Who hasn’t heard of the Mayflower? You know, the ship that brought the Pilgrims to the New World? As I recall it school children learn about Mayflower’s journey across the Atlantic every year in about 4th grade. They learn how the Pilgrims left England for a better life in the new colonies. They learn about the hope, the courage, and the freedom the Pilgrims were searching for. These are the principles the Mayflower represents and so much more.

For the past three years, the ship has been undergoing a renovation at Mystic Seaport Museum in Mystic, Connecticut. I think most people, my age or anyone in junior high or high school during the 1980s, remember the movie Mystic Pizza. The quintessential coming-of-age movie of three sisters working in a pizza shop in Mystic, Connecticut. Well, Mayflower began her restoration here, her, not so much a coming of age, but a rebirth if you will. This restoration will enable Mayflower to continue to teach and inspire everyone who visits her.

Crows nest on Mayflower

Table of Contents

A journey across the Atlantic

The original Mayflower was a merchant ship used to transport cargo to countries around Europe. It was not designed as a passenger ship, thus quarters were cramped. The Pilgrims who hired Master Jones to take them to the New World were looking for their own freedom.

Setting off in August they should have had few issues however, the Speedwell, the second ship traveling with them was leaking and they had to go back to England. The Pilgrims finally set off on September 15, 1620. Arriving in the new world in November the Pilgrims realized they came to Cape Cod, Massachusetts. However, they had intended to arrive in Virginia.

Native American’s and Mayflower

The Pilgrims had permission from King Charles I to settle and establish a new colony in Virginia. Since the Mayflower sailed later than it had intended they encountered bad weather and veered off course. Not having the King’s permission to set up a colony in current day Cape Cod, the Pilgrims needed to establish law and order. They wrote up the Mayflower Compact -not actually called this until 1793 – as a way to establish a new government. This is the beginning of self-government and the new world becoming its own country.

This is why the Mayflower is known as:

The Voyage That Made A Nation.

Didn’t the Mayflower land in Plymouth?

Not initially. The Pilgrim’s first stop was at Provincetown Harbor on the tip of Cape Cod. However, the Pilgrims had some discord with the local tribes. Hence the move up the coast to what is now Plymouth, then named Patuxet. This is where the Pilgrims spent that long hard first winter. This is also where the Pilgrims celebrated the first Thanksgiving with the natives.

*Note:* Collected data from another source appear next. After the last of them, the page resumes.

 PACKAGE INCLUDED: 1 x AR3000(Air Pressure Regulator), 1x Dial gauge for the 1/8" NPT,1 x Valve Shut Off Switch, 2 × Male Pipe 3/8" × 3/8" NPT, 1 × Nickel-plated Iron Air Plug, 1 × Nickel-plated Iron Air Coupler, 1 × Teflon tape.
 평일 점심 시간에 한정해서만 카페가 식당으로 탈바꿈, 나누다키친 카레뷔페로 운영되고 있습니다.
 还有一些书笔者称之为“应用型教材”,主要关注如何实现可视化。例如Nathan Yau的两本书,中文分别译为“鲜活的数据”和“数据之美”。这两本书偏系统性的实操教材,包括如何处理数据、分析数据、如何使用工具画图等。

Plymouth Rock, where the Mayflower landed

The Original Mayflower

The Original Mayflower returned to England the following spring with its Master (Captain) dying the year after. Two years later the ship was appraised and deemed ‘in ruinis’. Unfortunately, it is said to have been broken up and sold for scrap.

The Making of Mayflower II

The Mayflower II was originally built between 1955-56 in Devon, England. Mayflower II is the work of a partnership between Englishman Warwick Charlton and Plimoth Plantation, a living history museum. This ship is a full-scale replica of the original Mayflower the Pilgrims were on.

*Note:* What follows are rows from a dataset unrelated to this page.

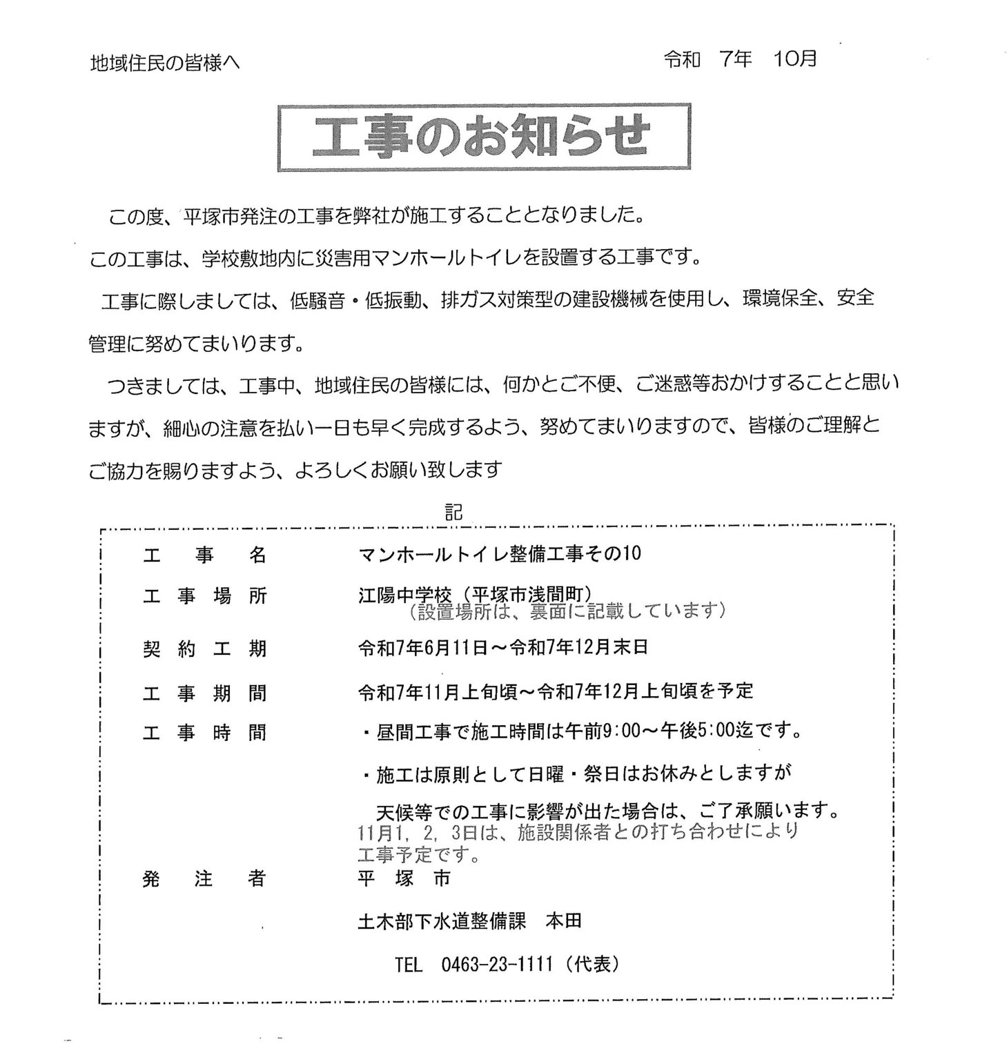 - 2025/10/30 江陽中学校 マンホールトイレ工事のお知らせ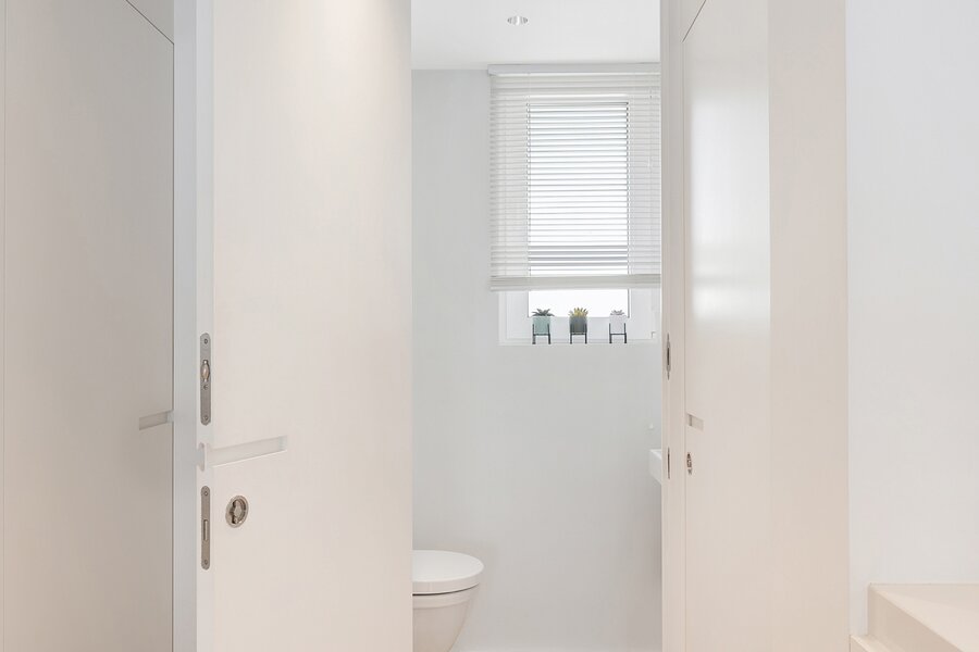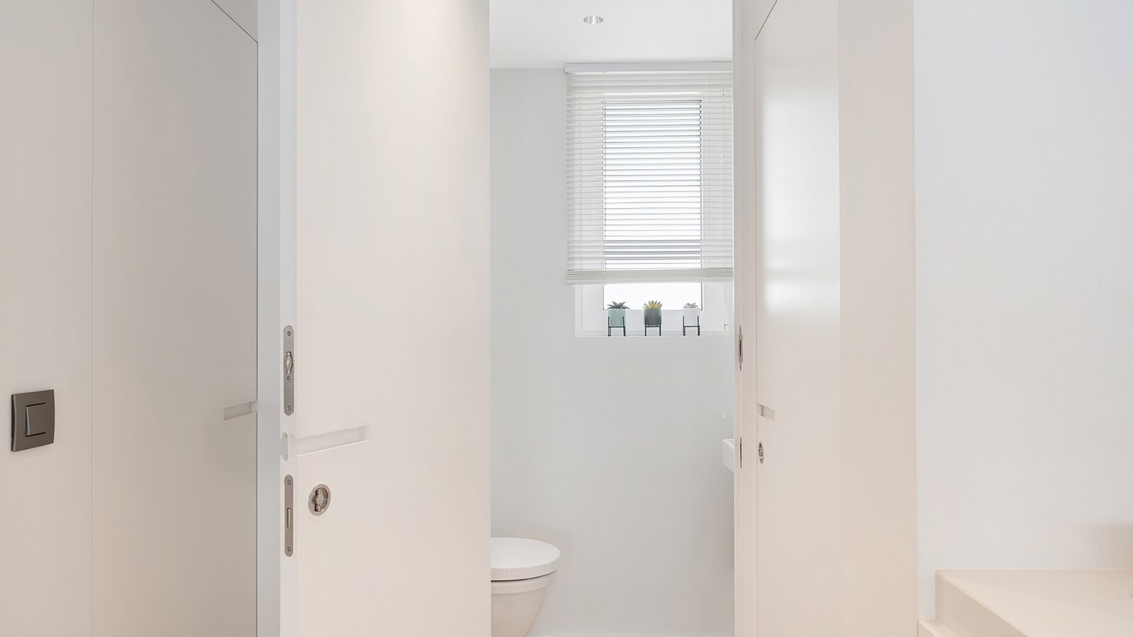 Composition : Hall d’entrée avec toilettes invités. Salon avec vue latérale sur la mer, cuisine ouverte. Chambre spacieuse donnant sur la terrasse à l’arrière. Douche.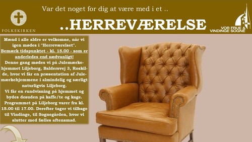 Mænd i alle aldre er velkomne, når vi igen mødes i "Herreværelset". Kender du en, som du tror kunne være interesseret, så inviter endelig vedkommende med!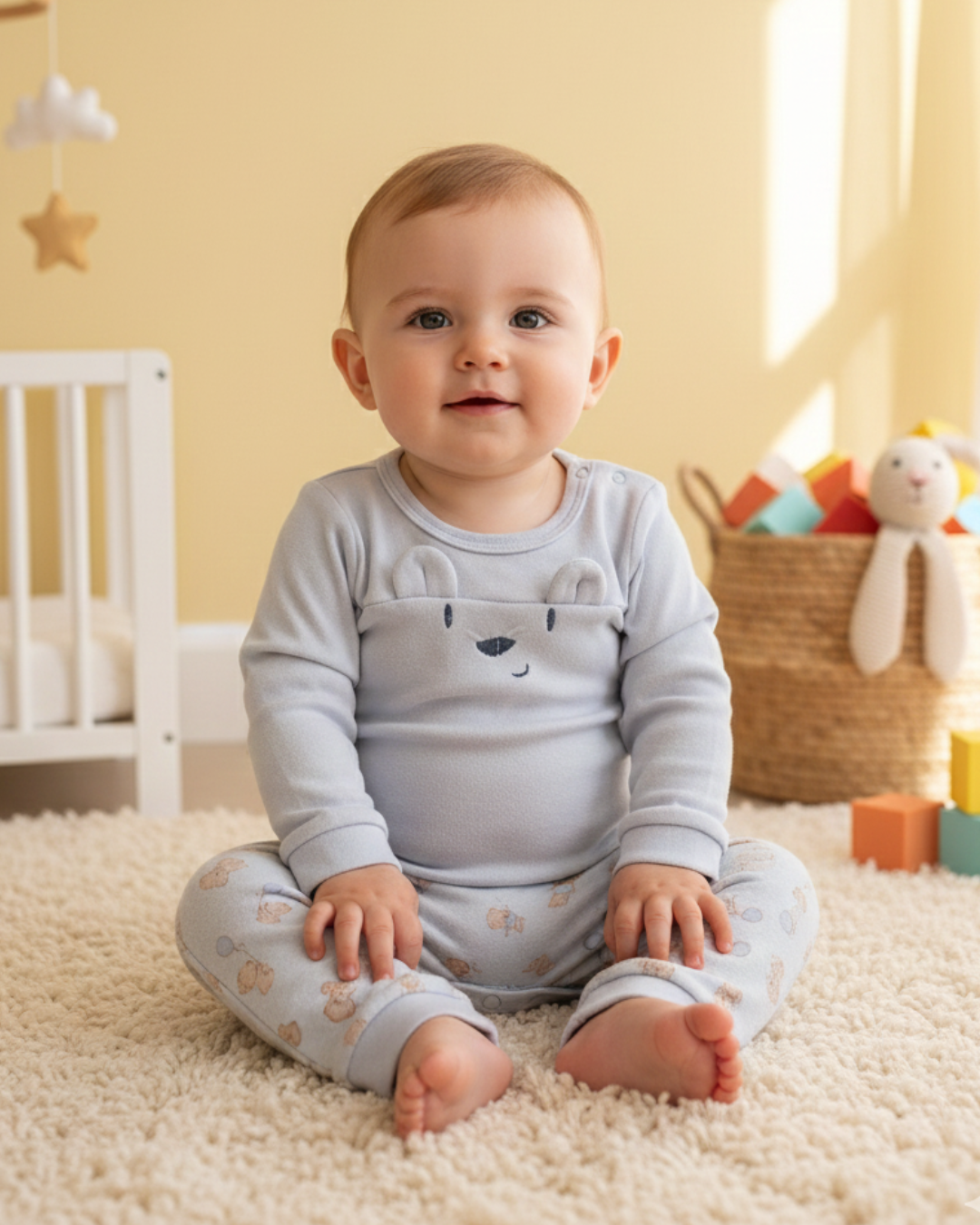 Conjunto bebê masculino longo confeccionado em plush macio e quentinho, ideal para os dias mais frescos. O body possui detalhes bordados, aplicação de orelhinhas e abertura prática entrepernas e nas costas com botões de pressão, facilitando o vestir. A calça é estampada, com cós elástico que garante conforto e liberdade de movimento para o bebê.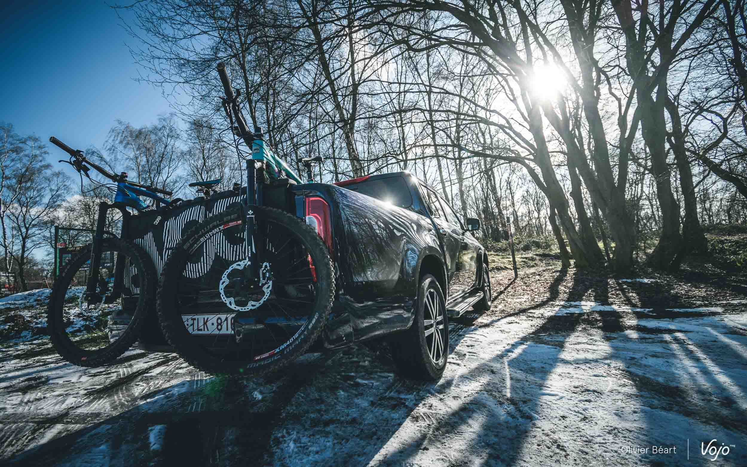 Si la gamme Mercedes-Benz Vans compte plusieurs modèles adaptés au transport de vélos, comme le petit Citan et le Vito plus spacieux, c’est avec le pick-up Mercedes Classe X que commencent nos aventures communes. Berline à l’intérieur et baroudeur à l’extérieur, il nous a déjà permis de transporter jusqu’à 4 vélos dans sa benne ainsi qu’un bon paquet de matos (photo, pied d’atelier, etc) pour des tests sur le terrain quelques jours à peine après que nous en ayons pris possession.

The ship is a gift from England to the United States:

To honor the bonds of friendship formed during World War II.

Life Magazine’s article on the Mayflower II sailing, photo compliments of Life Magazine.

The ship set sail with thirty-three crew members on April 20, 1957, from Brixham, England. The ship arrived at Plymouth, Massachusetts on June 13 to 25,000 spectators. I hope visitors who celebrated in 1957 come to the celebration this year to see the ship again. I’m sure the festivities are going to be marvelous.

The Restoration of the Mayflower

The restoration of the Mayflower is fascinating. Plimoth Plantation with the help of Mystic Seaport Museum has restored the Mayflower to its original state. The restoration took three years and now Mayflower is ready for the celebrations to begin.

The hull of the Mayflower

I can’t wait to see the ship because they used traditional techniques from the 1600s to do the renovation. The craftsman and women replaced almost 75% of the ship to get it ready for the celebration. Lumber from Europe as well as here in America has been used to rebuild this iconic ship. At times it has been hard to see the progress but it was happening. It took an entire year just to add the planking on the ship.

On September 7, 2019, the Mayflower’s first celebration happened, its inaugural launch. The ship felt the ocean again for the first time in three years. However, it was with water for all 50 states, England and Holland, not champagne with the honors.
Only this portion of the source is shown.